EXERCISE BRIEF -
The records below are to be set down word for word, with every picture left out.

Stored items -
────────────────────

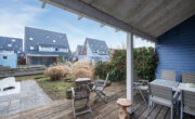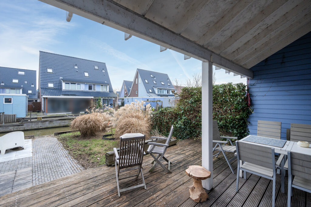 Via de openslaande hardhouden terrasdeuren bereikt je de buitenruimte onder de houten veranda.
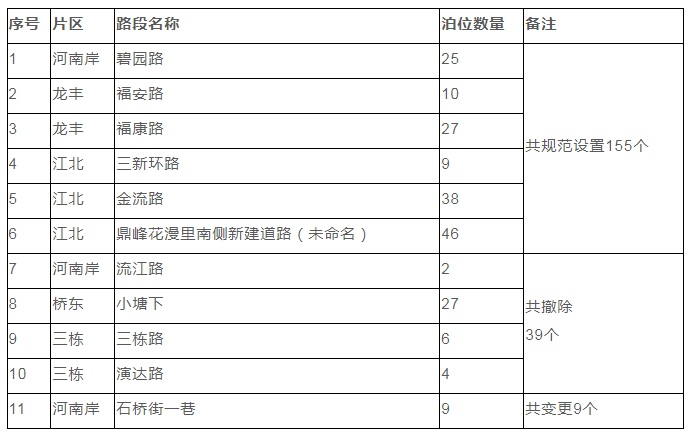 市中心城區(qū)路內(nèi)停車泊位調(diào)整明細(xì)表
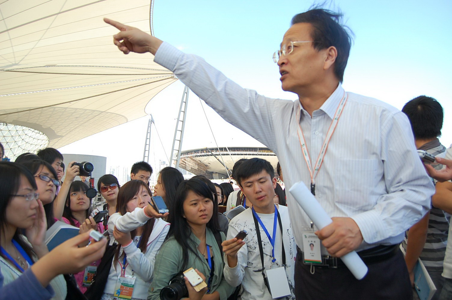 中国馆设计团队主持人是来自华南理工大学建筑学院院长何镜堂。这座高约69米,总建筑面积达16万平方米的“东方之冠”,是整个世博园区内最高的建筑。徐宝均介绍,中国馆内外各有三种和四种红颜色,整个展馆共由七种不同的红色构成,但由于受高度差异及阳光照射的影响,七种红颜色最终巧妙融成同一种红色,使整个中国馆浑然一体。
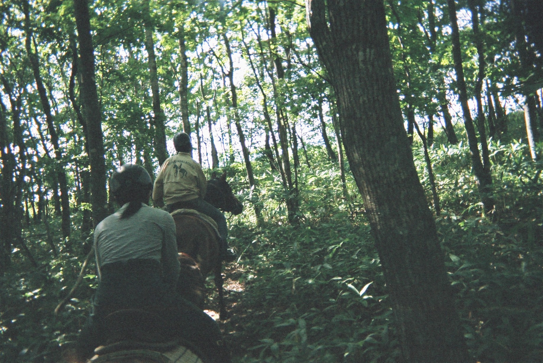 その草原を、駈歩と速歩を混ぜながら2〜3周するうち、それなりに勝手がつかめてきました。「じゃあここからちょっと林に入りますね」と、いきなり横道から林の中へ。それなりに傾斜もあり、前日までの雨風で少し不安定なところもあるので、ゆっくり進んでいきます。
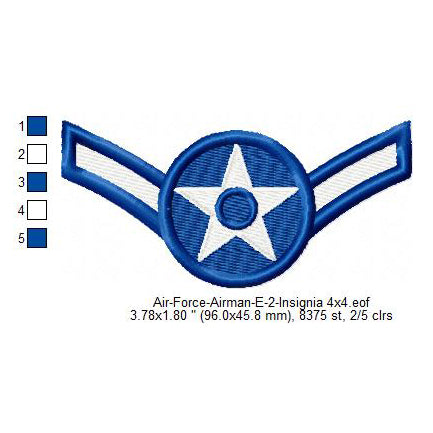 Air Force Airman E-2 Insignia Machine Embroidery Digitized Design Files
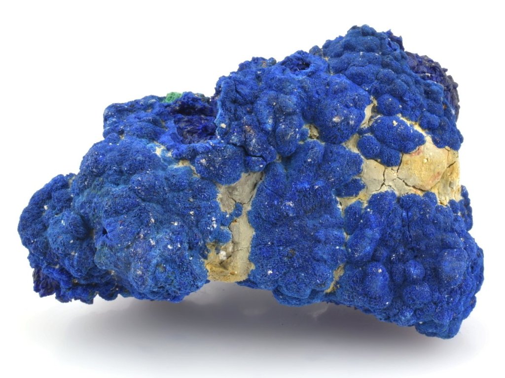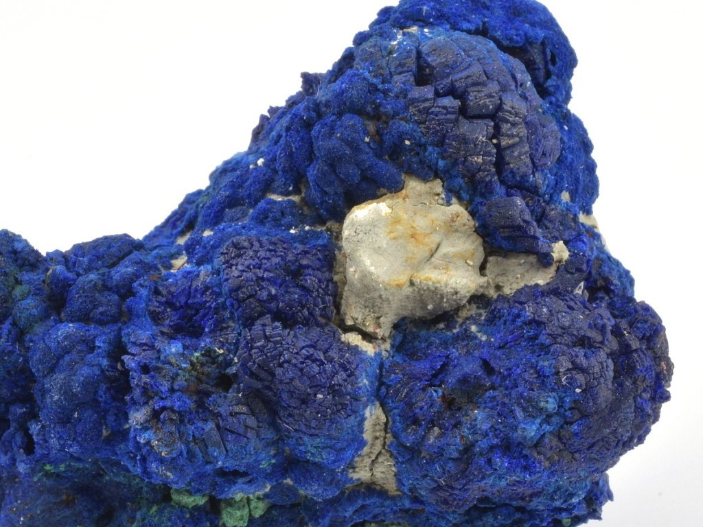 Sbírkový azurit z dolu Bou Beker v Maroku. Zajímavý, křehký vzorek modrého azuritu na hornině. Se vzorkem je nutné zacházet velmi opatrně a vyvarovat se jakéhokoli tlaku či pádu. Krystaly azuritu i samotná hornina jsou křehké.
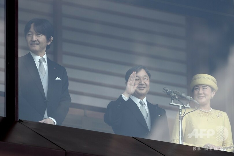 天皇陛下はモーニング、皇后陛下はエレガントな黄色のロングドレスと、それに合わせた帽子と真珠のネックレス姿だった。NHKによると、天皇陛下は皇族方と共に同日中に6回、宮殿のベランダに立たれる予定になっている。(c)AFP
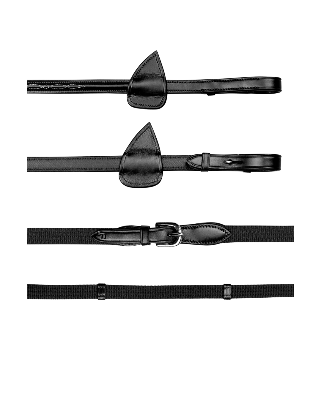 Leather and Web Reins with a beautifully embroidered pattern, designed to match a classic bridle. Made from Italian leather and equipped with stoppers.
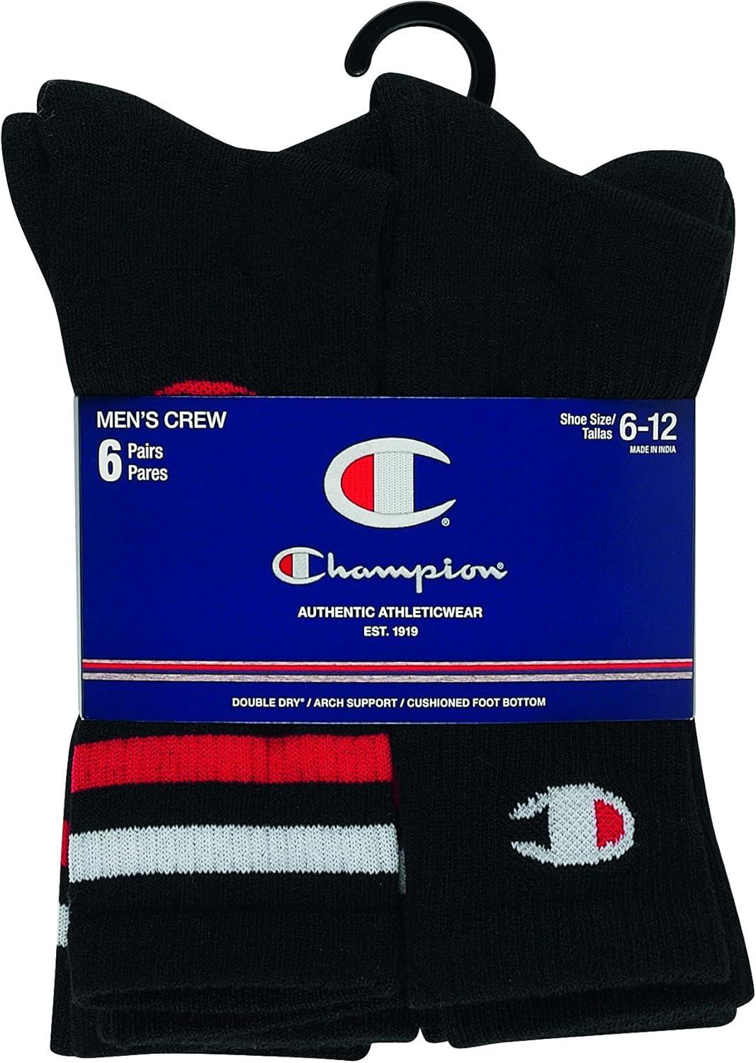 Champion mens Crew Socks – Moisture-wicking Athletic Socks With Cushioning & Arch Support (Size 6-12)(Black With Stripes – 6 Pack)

────────────────────

ANSWER -
 Via de openslaande hardhouden terrasdeuren bereikt je de buitenruimte onder de houten veranda.
 市中心城區(qū)路內(nèi)停車泊位調(diào)整明細(xì)表
 中国馆设计团队主持人是来自华南理工大学建筑学院院长何镜堂。这座高约69米,总建筑面积达16万平方米的“东方之冠”,是整个世博园区内最高的建筑。徐宝均介绍,中国馆内外各有三种和四种红颜色,整个展馆共由七种不同的红色构成,但由于受高度差异及阳光照射的影响,七种红颜色最终巧妙融成同一种红色,使整个中国馆浑然一体。
 その草原を、駈歩と速歩を混ぜながら2〜3周するうち、それなりに勝手がつかめてきました。「じゃあここからちょっと林に入りますね」と、いきなり横道から林の中へ。それなりに傾斜もあり、前日までの雨風で少し不安定なところもあるので、ゆっくり進んでいきます。
 Air Force Airman E-2 Insignia Machine Embroidery Digitized Design Files
 Sbírkový azurit z dolu Bou Beker v Maroku. Zajímavý, křehký vzorek modrého azuritu na hornině. Se vzorkem je nutné zacházet velmi opatrně a vyvarovat se jakéhokoli tlaku či pádu. Krystaly azuritu i samotná hornina jsou křehké.
 天皇陛下はモーニング、皇后陛下はエレガントな黄色のロングドレスと、それに合わせた帽子と真珠のネックレス姿だった。NHKによると、天皇陛下は皇族方と共に同日中に6回、宮殿のベランダに立たれる予定になっている。(c)AFP
 Leather and Web Reins with a beautifully embroidered pattern, designed to match a classic bridle. Made from Italian leather and equipped with stoppers.
 Champion mens Crew Socks – Moisture-wicking Athletic Socks With Cushioning & Arch Support (Size 6-12)(Black With Stripes – 6 Pack)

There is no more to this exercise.